For Friday November 10 lecture: Read and blog about Section 6.3

Difficult: Basically this whole section. If I understand it right, it's saying that, given any random distribution, I can sum several random variables from that distribution, and eventually the probability of those events all happening converges to the normal distribution. But I'm not sure quite how, or why. I can see what was done but not really follow it. Application: I think that the central limit thm is used in a lot of practical applications- like they said, they expect grades, snowfalls, etc, though I rather like the example they give of rolling dice.

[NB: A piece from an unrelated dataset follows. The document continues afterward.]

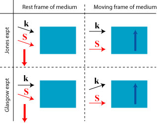 The differences between the Jones experiment and the Glasgow experiment are schematically illustrated below, both in the lab frame and the medium reference frame (adapted from the paper):

6.2, due Wednesday Nov 7 17

Difficult: I'm trying to understand what the inequalities mean, and I seem to run into a bit of a hiccup when we say things about the indicator random variable. It is interesting that it comes back up, but I will admit that I don't fully get it. Also, trying to keep track of inequality signs is going to be difficult in some of these things. I'm trying to understand what exactly the inequalities mean, but the proofs in some ways only seem to make them more confusing. Application: The law of large numbers seems intuitive, so it's interesting that we have an actual proof for it. That's cool, though. I guess it just goes to show that sometimes proving intuitive things is important, too.

6.1, due Mon Nov 6 17

Difficult: In this particular section, just understanding what is being talked about took me a while. I don't know that I really understand how these things work. But more or less. Really, I just want to say that we just spent, in Ch 3 (or was it 4..?) a lot of time on data structures and graphs, which were complicated but not that bad, and literally only 2 weeks to learn all of probability- and now we're going into statistics. We have gone so fast that I feel like I have learned nothing, and couldn't use this stuff if I tried. Which I've been doing. It's quite unnerving to realize that we have a midterm on this stuff coming up, and I feel like I have no idea what we just learned about. At all. Application: There are tons of applications for statistics. We see them every day. I did appreciate the quote at the beginning, though, about needing a better experiment. I wonder if he ever ran any?

5.7, due Fri Nov 3 17

difficult: I really don't have an intuitive idea of what covariance means, and hence understanding the calculations dealing with it was also a bit difficult, especially understanding the matrices full of variables that were being shown. Application: Well, I suppose that this has a lot of applications. Most systems that we model aren't single, or even bi-, variate, but multivariate, so understanding how/why these things work will help us to model things further down the line in cool ways.